L’espérance, explique le Saint-Père, se communique également à travers la consolation, qui se réalise en accompagnant les pauvres, «non pas pour quelques moments chargés d’enthousiasme, mais avec un engagement qui dure dans le temps». «Les pauvres acquièrent de l’espérance réelle non pas quand ils nous voient gratifiés pour leur avoir donné un peu de notre temps, mais lorsqu’ils reconnaissent dans notre sacrifice un acte d’amour gratuit qui ne cherche pas à être récompensé.»
Message aux bénévoles
S’adressant aux bénévoles, «auxquels il revient souvent le mérite d’avoir senti en premier l’importance de cette attention aux pauvres», François demande de ne pas s'arrêter à la première nécessité matérielle, mais à découvrir la bonté qui se cache dans le cœur de chacun. «Mettons de côté les divisions qui proviennent de visions idéologiques ou politiques, fixons le regard sur l’essentiel qui n’a pas besoin de beaucoup de mots, mais d’un regard d’amour et d’une main tendue. N’oubliez jamais que "la pire discrimination dont souffrent les pauvres est le manque d’attention spirituelle"», souligne-t-il.

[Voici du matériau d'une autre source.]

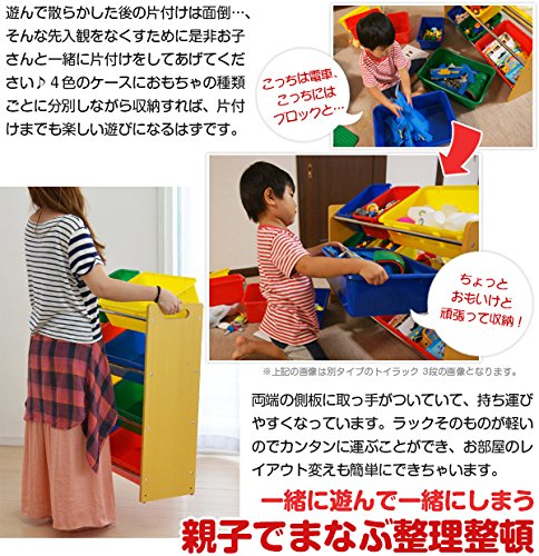 4色のカラフルなケースにお片づけ!お子さんも大喜び、おもちゃ収納ラック!

Car il faut parfois peu de chose pour redonner l'espérance rappelle François: s’arrêter, sourire, écouter. «L’espérance du pauvre défie les différentes conditions de mort, car il se sait particulièrement aimé de Dieu et il l'emporte ainsi sur la souffrance et l'exclusion». La condition, pour que les disciples du Seigneur Jésus soient des évangélisateurs cohérents, conclut le Pape, «est de semer des signes tangibles d'espérance. À toutes les communautés chrétiennes et à tous ceux qui ressentent l’exigence d'apporter l'espérance et réconfort aux pauvres, je leur demande de travailler pour que cette Journée mondiale renforce chez beaucoup, la volonté de collaborer efficacement afin que personne ne se sente privé de proximité et de solidarité.»